# [solved]Xorg modprobe fbcon

## Hollowman

Hi

Ich hab nen Problem. Neu installierte Intel Kiste. Intel Graka. Alles im Kernel drin, keine Module. KMS an.

Xorg installiert und X --configure gemacht. Danach Maus und Tatstaur angepasst. Intel Graka Treiber ist installiert.

Wenn ich jetzt X (X --config /root/xorg.conf.new) starten will startet er und ich hab nen schwarzen Bildschirm. Strg + Alt + Backspace bringt nichts. Mit Strg + Alt + F1 komm ich wieder ins Terminal zurück. 

Da steht dann: FATAL: Load fbcon failed

Wenn ich das ganze mit strace X --config /root/xorg.conf.new starte sehe ich das er ein modprobe fbcon machen will. Das Modul gibt es aber nicht. Ich hab keinen Framebuffer im Kernel und will auch keinen. Konfiguration ist genau die selbe wie hier auf meinem Laptop. Da läuft das prima.

Woran kann das liegen?

SebastianLast edited by Hollowman on Thu Jan 28, 2010 4:01 pm; edited 1 time in total

----------

## Hollowman

Hi

Problem gelöst.
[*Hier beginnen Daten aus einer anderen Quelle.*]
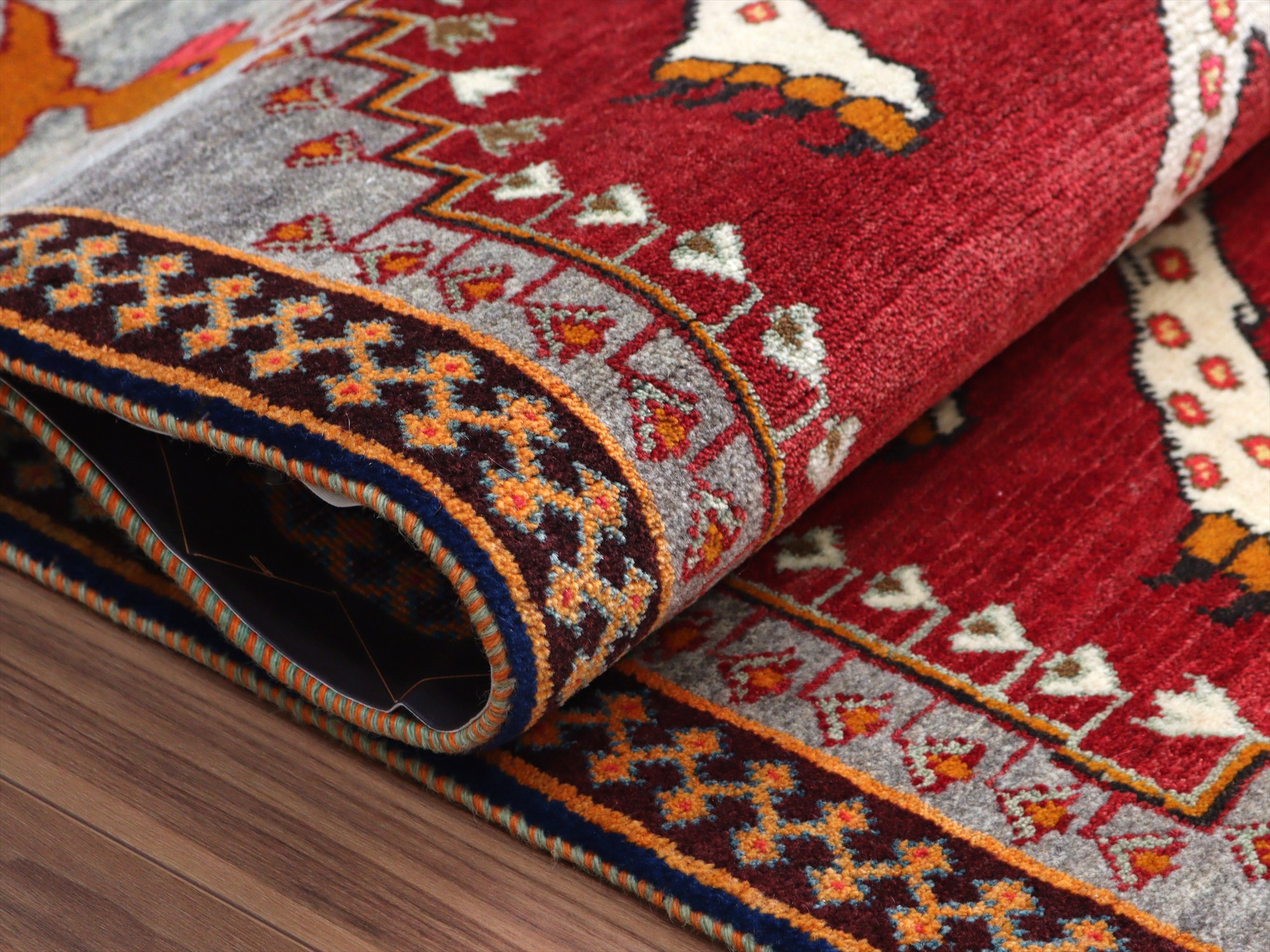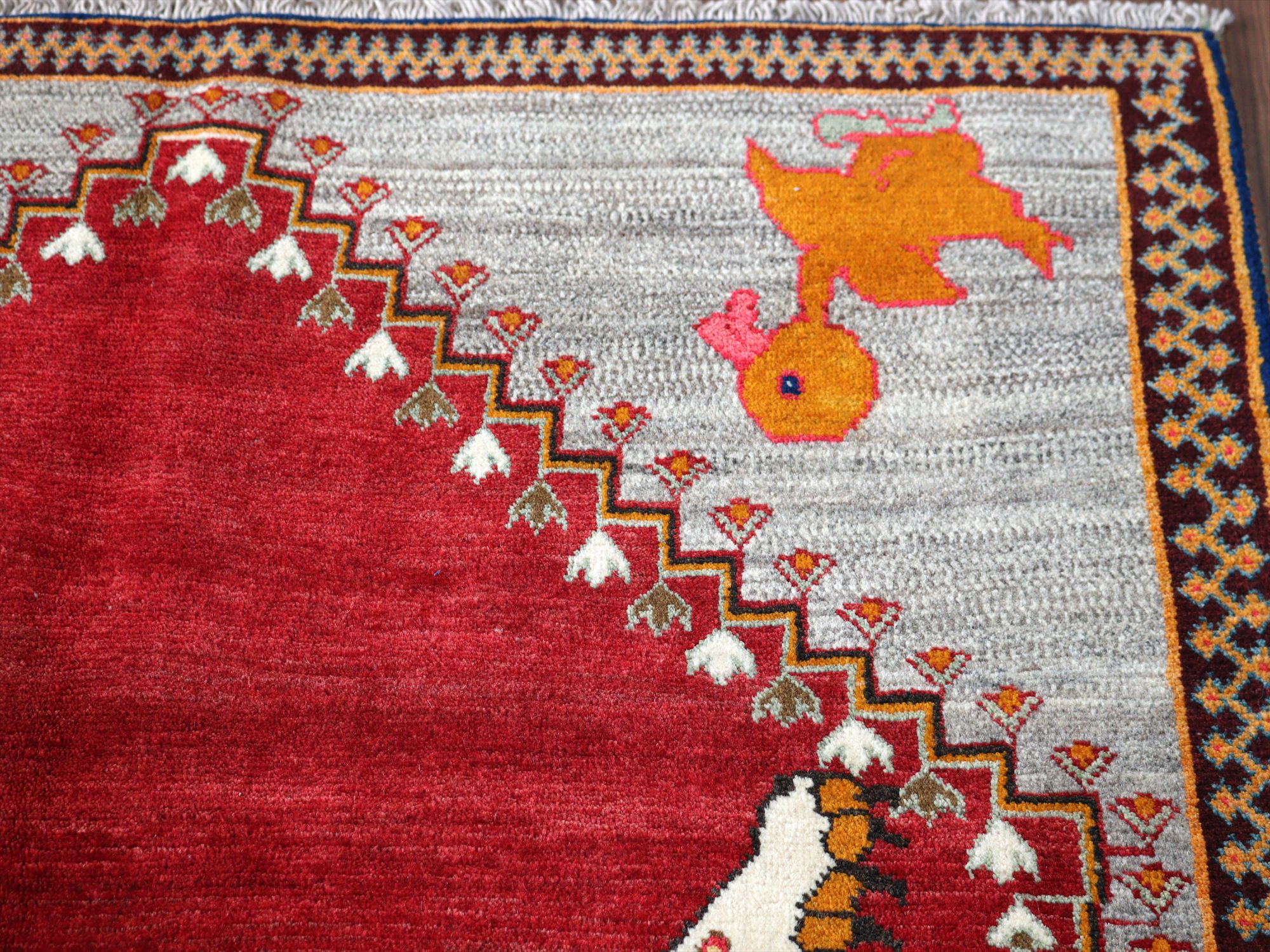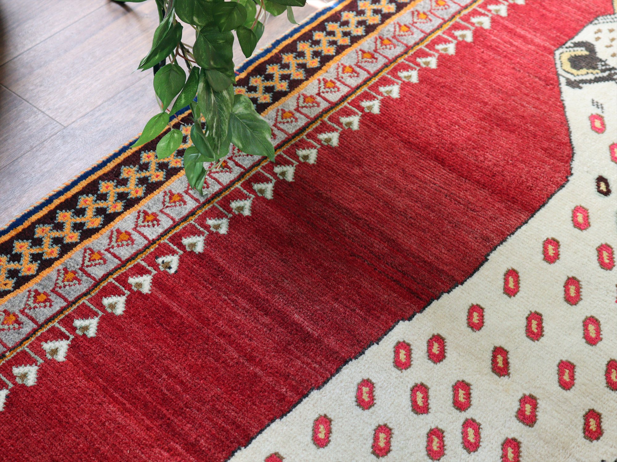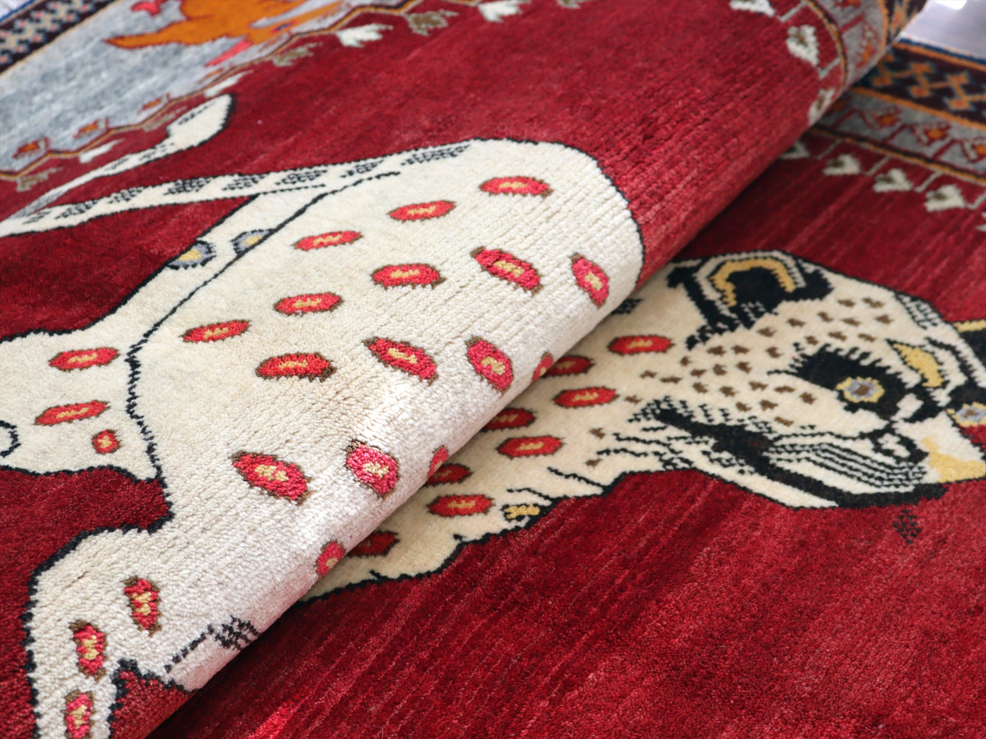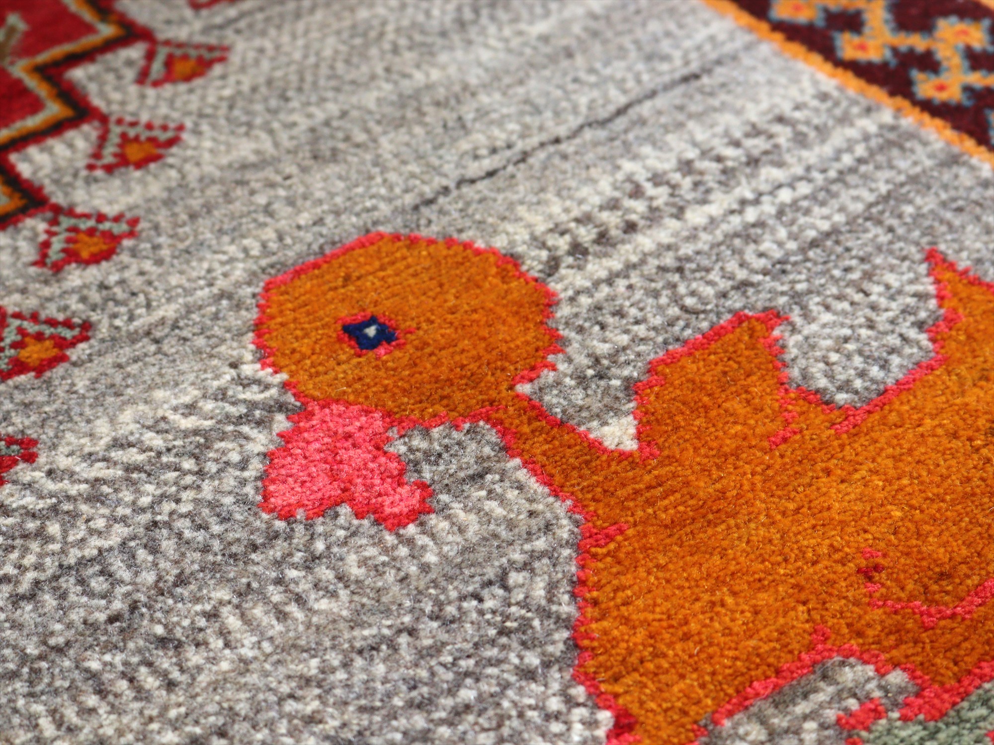 精悍な顔つきのヒョウが六角形のメダリオンの中に織られたデザイン。迫力あるヒョウとは対照的に、四隅のアヒルは脱力感たっぷりのゆるーい感じで表現されているのが面白いです。このアヒルのおかげで、数あるライオンラグの中でも特別にユニークな一枚と言えそうです。

Früher hat es gereicht X zu emergen und dann zu Starten um nen Hintergrund und nen Mauszeiger zu bekommen.

Heute muss man noch xterm installieren und die xinitrc anpassen.

Sebastian

----------

## DerSani

Danke    :Smile:   ich habe das gleiche Problem, emerge schon.

----------